::: SUPPLIED DATA

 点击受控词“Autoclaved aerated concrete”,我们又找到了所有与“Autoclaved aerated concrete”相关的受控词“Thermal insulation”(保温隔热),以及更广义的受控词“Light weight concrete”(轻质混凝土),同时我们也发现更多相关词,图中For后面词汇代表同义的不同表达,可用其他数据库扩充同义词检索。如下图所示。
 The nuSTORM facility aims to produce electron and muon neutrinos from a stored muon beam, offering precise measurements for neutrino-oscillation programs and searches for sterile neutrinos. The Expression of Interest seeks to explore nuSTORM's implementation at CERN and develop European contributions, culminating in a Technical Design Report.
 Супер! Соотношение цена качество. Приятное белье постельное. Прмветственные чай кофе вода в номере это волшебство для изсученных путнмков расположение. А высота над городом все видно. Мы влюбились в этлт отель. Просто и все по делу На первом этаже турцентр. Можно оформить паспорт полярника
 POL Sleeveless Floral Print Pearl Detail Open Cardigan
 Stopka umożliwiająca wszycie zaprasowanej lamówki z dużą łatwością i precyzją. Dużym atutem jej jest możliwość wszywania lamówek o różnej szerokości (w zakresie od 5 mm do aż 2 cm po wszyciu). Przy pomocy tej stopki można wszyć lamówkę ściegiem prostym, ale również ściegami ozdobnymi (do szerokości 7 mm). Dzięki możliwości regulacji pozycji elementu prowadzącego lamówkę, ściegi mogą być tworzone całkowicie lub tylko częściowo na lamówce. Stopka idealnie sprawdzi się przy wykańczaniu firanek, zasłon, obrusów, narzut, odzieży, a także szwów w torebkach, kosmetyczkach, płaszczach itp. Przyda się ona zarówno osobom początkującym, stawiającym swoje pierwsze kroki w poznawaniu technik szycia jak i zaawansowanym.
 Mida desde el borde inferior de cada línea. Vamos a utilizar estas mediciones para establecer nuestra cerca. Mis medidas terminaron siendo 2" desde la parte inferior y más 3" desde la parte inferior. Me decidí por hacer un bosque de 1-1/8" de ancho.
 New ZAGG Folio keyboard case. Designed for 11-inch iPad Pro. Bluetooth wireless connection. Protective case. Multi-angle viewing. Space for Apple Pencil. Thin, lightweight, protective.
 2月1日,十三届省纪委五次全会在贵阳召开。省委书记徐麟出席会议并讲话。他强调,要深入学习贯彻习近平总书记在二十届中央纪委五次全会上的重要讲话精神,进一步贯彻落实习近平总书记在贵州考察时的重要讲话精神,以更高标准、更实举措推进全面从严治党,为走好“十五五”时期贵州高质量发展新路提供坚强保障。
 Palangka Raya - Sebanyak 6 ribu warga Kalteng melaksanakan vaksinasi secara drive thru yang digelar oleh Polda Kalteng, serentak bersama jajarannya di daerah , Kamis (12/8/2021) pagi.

::::::

▸ WORK INSTRUCTIONS
Could you restate, word for word, every line from the one containing "2月1日,十三届省纪委五次全" through the last line of the records above, and nothing more?

▸ THE ANSWER
 2月1日,十三届省纪委五次全会在贵阳召开。省委书记徐麟出席会议并讲话。他强调,要深入学习贯彻习近平总书记在二十届中央纪委五次全会上的重要讲话精神,进一步贯彻落实习近平总书记在贵州考察时的重要讲话精神,以更高标准、更实举措推进全面从严治党,为走好“十五五”时期贵州高质量发展新路提供坚强保障。
 Palangka Raya - Sebanyak 6 ribu warga Kalteng melaksanakan vaksinasi secara drive thru yang digelar oleh Polda Kalteng, serentak bersama jajarannya di daerah , Kamis (12/8/2021) pagi.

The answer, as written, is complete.